Personal information
- Full name: Santiago Coch Castillo
- Date of birth: 27 May 1960
- Place of birth: Vimbodí i Poblet, Spain
- Date of death: 12 September 2024 (aged 64)
- Position(s): Left-back

Youth career
- Gimnàstic

Senior career*
- Years: Team / Apps / (Gls)
- 1977–1994: Gimnàstic / 464 / (5)
- 1978–1979: → La Cava (loan) / 27 / (0)
- Total:  / 491 / (5)

Managerial career
- 2005–2010: Pobla Mafumet
- 2017–2019: Gimnàstic (assistant)

= Santi Coch =

Spanish footballer and manager (1960–2024)

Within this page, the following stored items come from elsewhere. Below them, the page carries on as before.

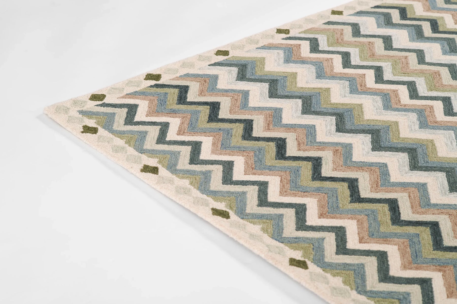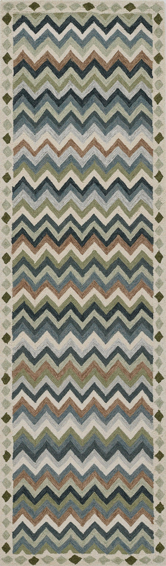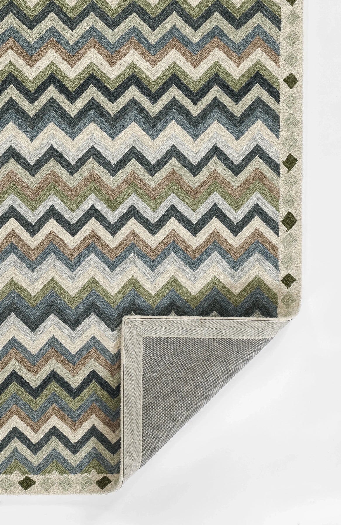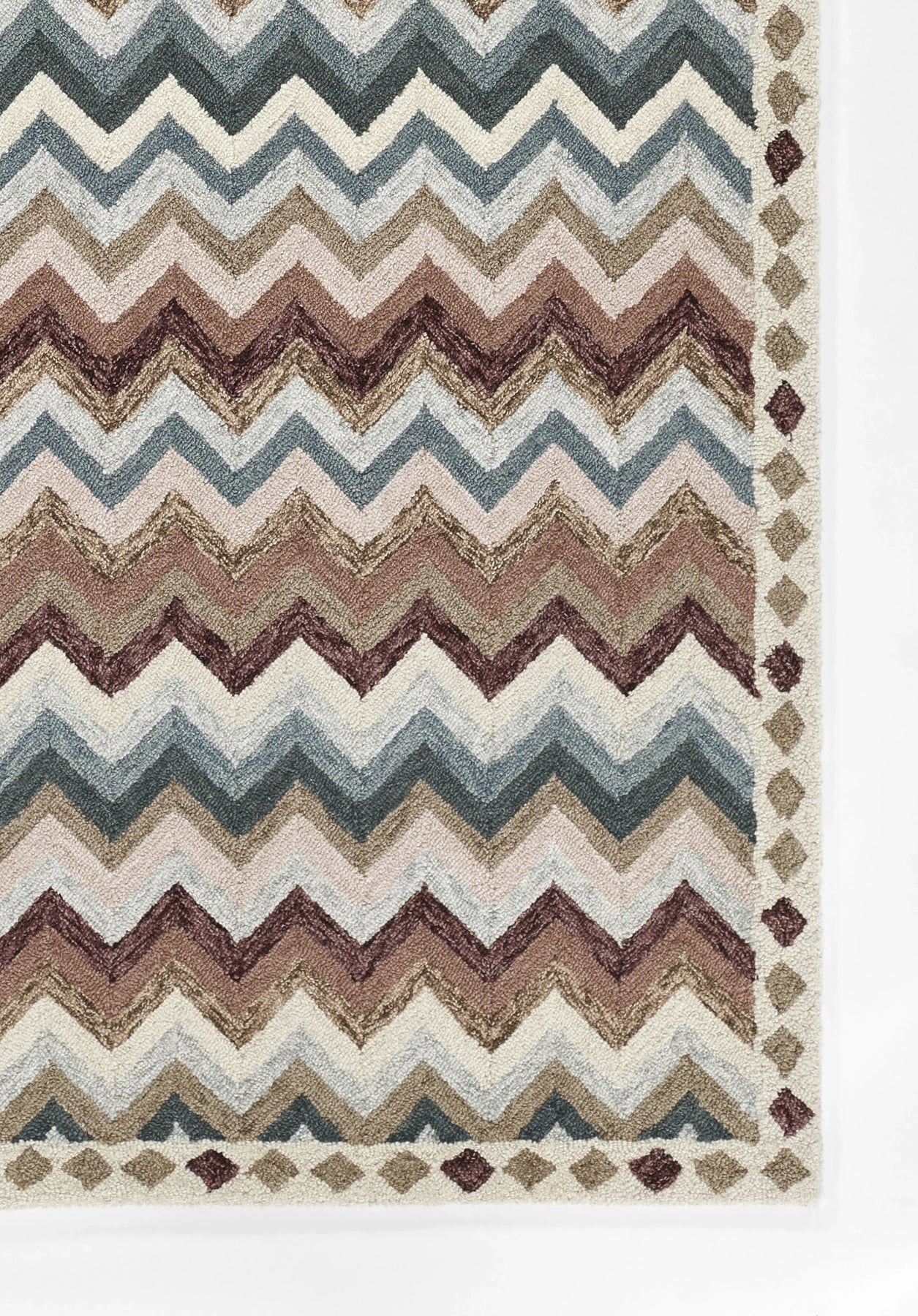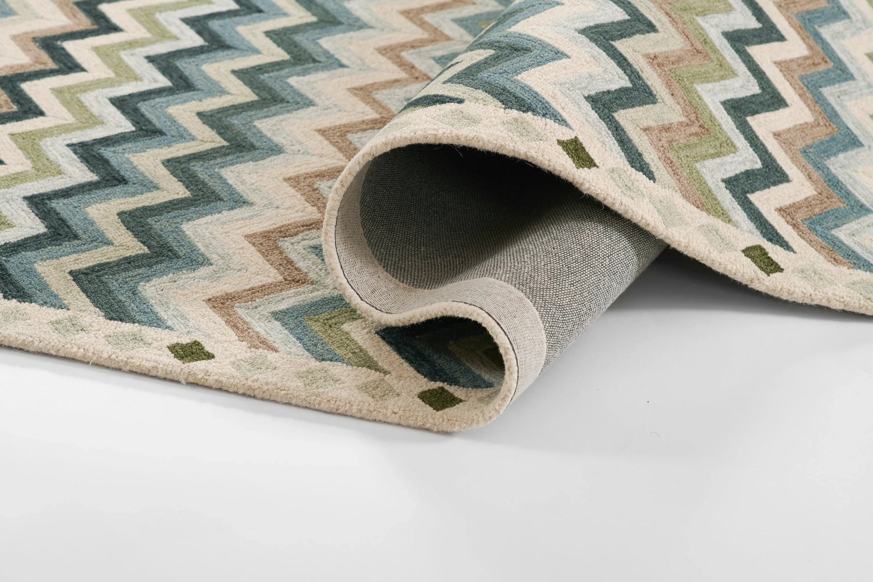 Infuse your space with vibrant heritage and modern flair with this multicolor blue geometric rug from the Abbot Collection. Inspired by the bold geometry of vintage Turkish Kilims, this rug features a dynamic chevron pattern in a curated palette of earthy greens, denim blues, warm taupes, and soft blush tones—blending tradition with a distinctly contemporary aesthetic. Crafted from 100% wool and hand-tufted by skilled artisans in India, this rug offers a soft, durable surface designed to resist shedding. The zigzag design introduces movement and texture to your space, while the clean symmetry keeps the overall look grounded and versatile. Perfect for living rooms, dining areas, or bedrooms, this rug is a statement piece that balances heritage patterning with modern color sensibility.
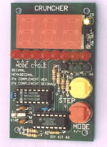Kit 42. Number Cruncher 68HC705K1Binary/hexadecimal/decimal/2's complement converter using a K1 uC. Eight LEDs are in a row. Step turns them on in turn by counting up using binary arithmetic. The 3-digit display shows the decimal equivalent (between 0 & 255) of the binary pattern. Press mode and the equivalent hexadecimal value (between 0 & FF) of the binary pattern is displayed. Mode and step pressed together will count backwards. If step is kept depressed the LEDs will rapidly count through the complete binary cycle in about 9 seconds. But that is only half the capability of the Kit. Pressing mode again will show the 2's complement binary pattern of the previously displayed binary number. The equivalent hex and decimal values of the 2's comp number are also shown on the 3-digit display. Double-sided small PCB, 49mm x 79mm, 1.95" x 3.1". Supplied with box. 9V battery required. Display turns off after 1 minute with no keypress. Complete annotated program code supplied on floppy disk. Reviewed in Electronics Australia, 9/94, p82 - 86. Scan of PCB Number System Decoder 115K Back to top |
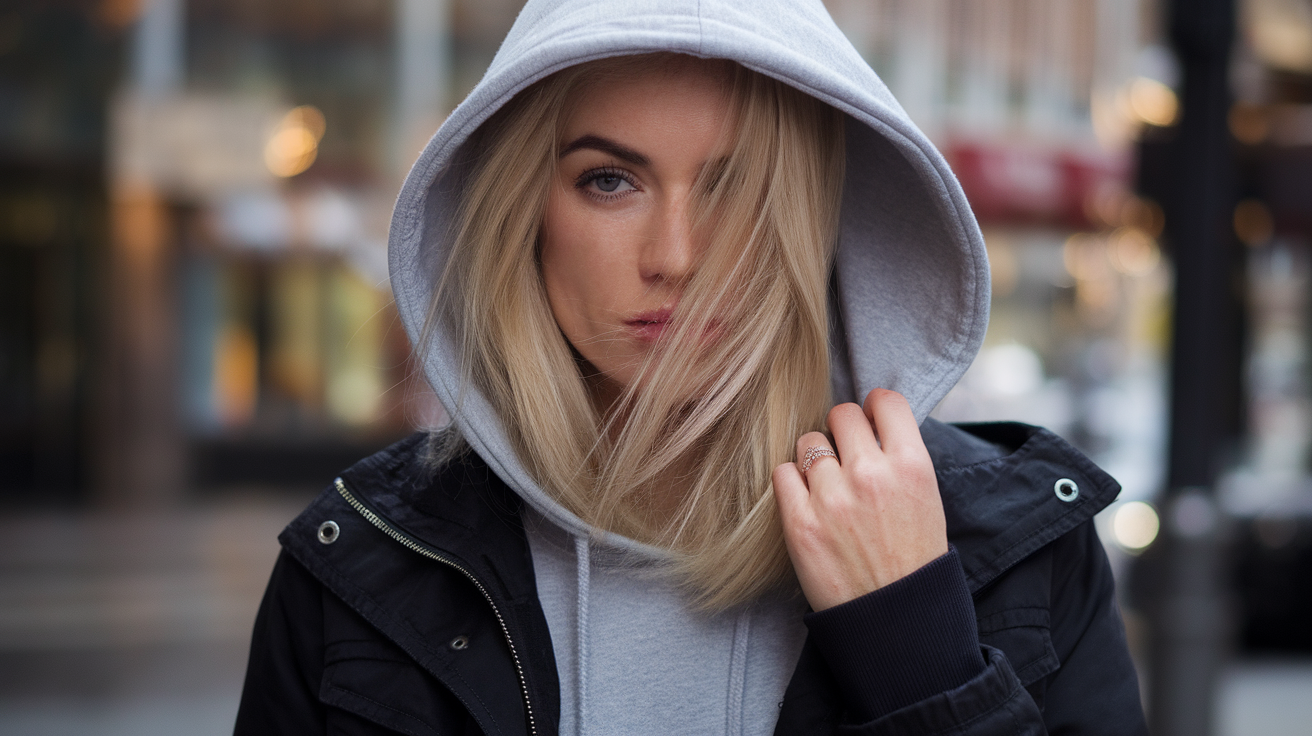 Give your hoodie look a trendy twist with a top knot hairstyle. This high bun is not only stylish but also practical, keeping your hair out of your face. Just gather your hair at the top of your head and twist it into a bun, securing it with a hair tie. It’s a fun and playful hairstyle that adds a touch of personality to your outfit.
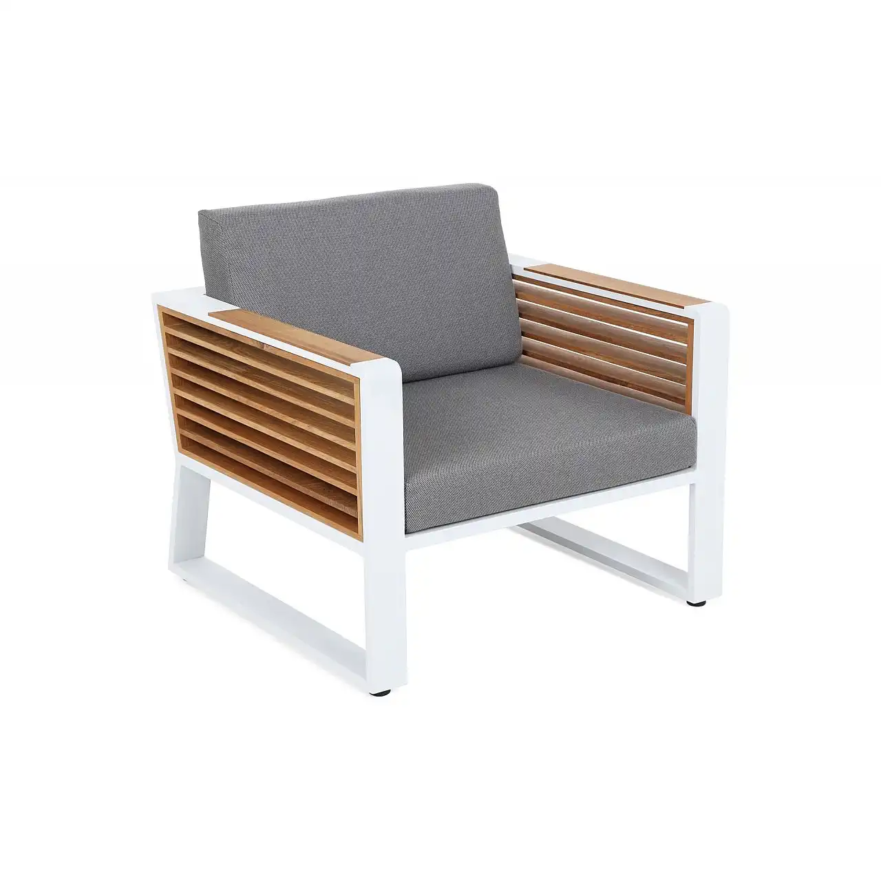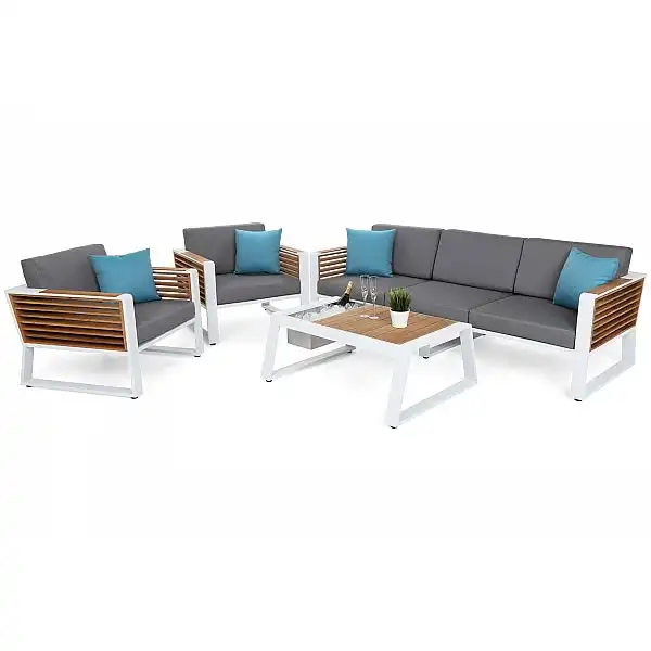 Сучасні, стильні та надзвичайно вражаючі - такі алюмінієві садові меблі ми пропонуємо. Однією з таких унікальних пропозицій є набір Singapore, який чудово поєднує сучасний дизайн з легкою формою та ексклюзивним характером. Шукаєте унікальні садові меблі для своєї тераси? Комплект Сінгапур з алюмінію і тикового дерева, оснащений приємно м'якими подушками, неодмінно зачарує вас.
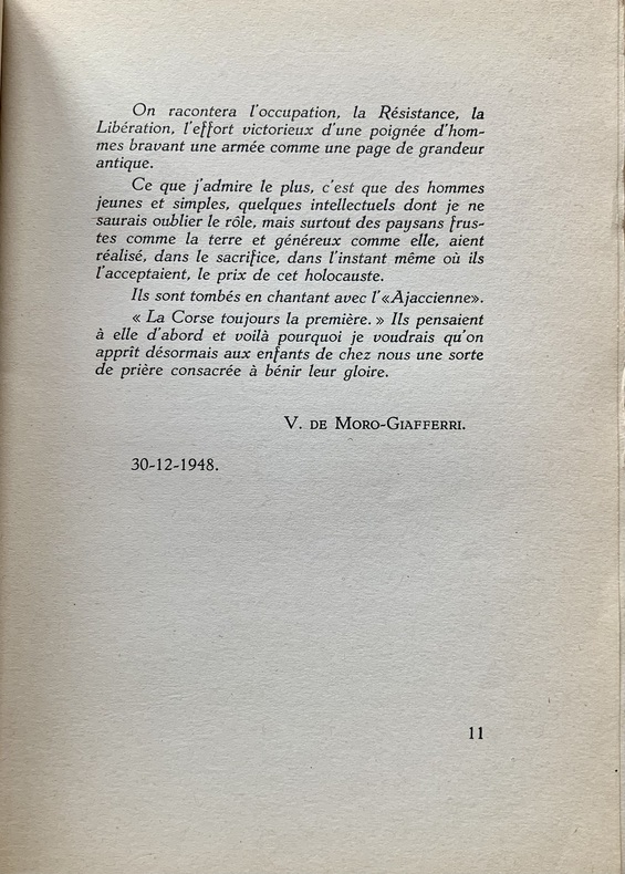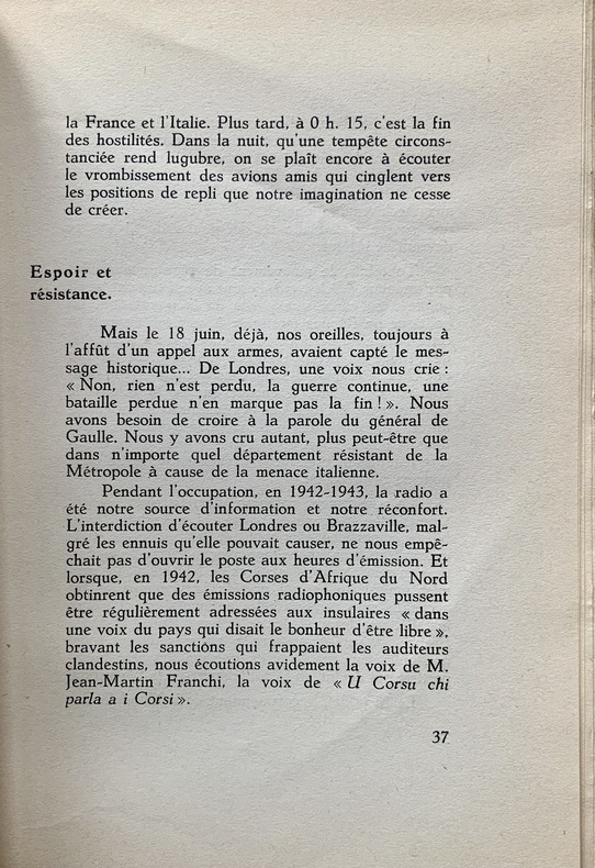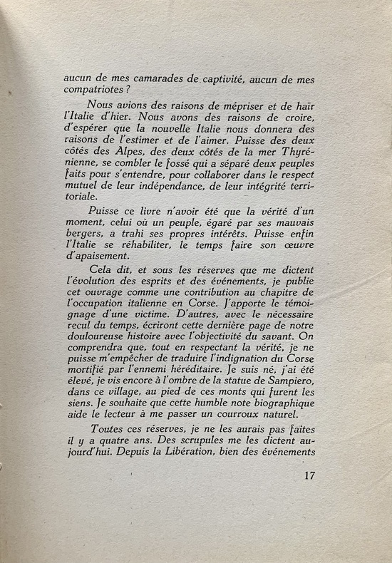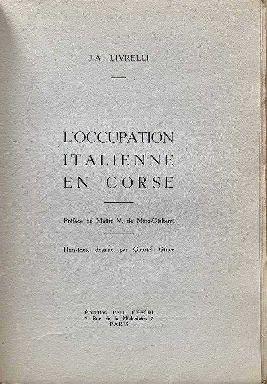 "En 1949, l’instituteur et rédacteur ajaccien du radical-socialiste "Le Journal de la Corse", Jean-André Livrelli (1874-1967), ancien déporté en Italie puis en Autriche, publie "L’occupation italienne en Corse". Cette violente charge italophobe consacre néanmoins ses quarante premières pages à expliquer – sous une forme plus « intuitive » que strictement historique mais très éclairante d’un point de vue anthropologique – la naissance du sentiment résistant dans la population insulaire. Viennent ensuite le récit – qui est davantage un témoignage – de la captivité des résistants corses déportés par les Italiens et enfin, une longue chronologie de la Libération de la Corse. Œuvre personnelle à plus d’un titre, son propos extrêmement « revanchard », représente une source incomparable pour ce qui est de la représentation mentale de l’Italien dans l’imaginaire social corse des années 1930-1940 et de son impact dans les processus de gestation du phénomène résistant et d’engagements personnels." (Sylvain Gregori, (Ré)écrire l’histoire de la Résistance corse, 2014)

Santiago "Santi" Coch Castillo (27 May 1960 – 12 September 2024) was a Spanish football player and manager. A left-back, he represented Gimnàstic over the course of 17 campaigns, appearing in 528 official matches.

==Playing career==
Born in Vimbodí i Poblet, Tarragona, Catalonia, Coch made his senior debut with Gimnàstic de Tarragona in 1977, aged only 17, as his side achieved promotion from the Tercera División. Another promotion followed, and he made his professional debut on 16 September 1979, starting in a 3–2 home win against Deportivo de La Coruña in the Segunda División.

Coch appeared in 23 matches during the 1979–80 season, as Nàstic suffered immediate relegation after finishing 19th. He appeared in Segunda División B but also in the fourth tier for the remainder of his career, retiring in 1994.

==Managerial career==
In 2005 Coch was appointed manager of Gimnàstic's farm team, CF Pobla de Mafumet. In 2010, he was relieved of his duties, being immediately included in Gimnàstic's backroom staff.

On 9 September 2017, after Lluís Carreras' dismissal, Coch was appointed Rodri's assistant in the first team.

==Personal life and death==
Coch's family is widely related to football. His older brother Enric was a goalkeeper, while his twin brother Ramón was a forward. His two sons Joel and Denis (both midfielders) represented Pobla, and his nephew Aleix is also a defender.

Coch died on 12 September 2024, at the age of 64.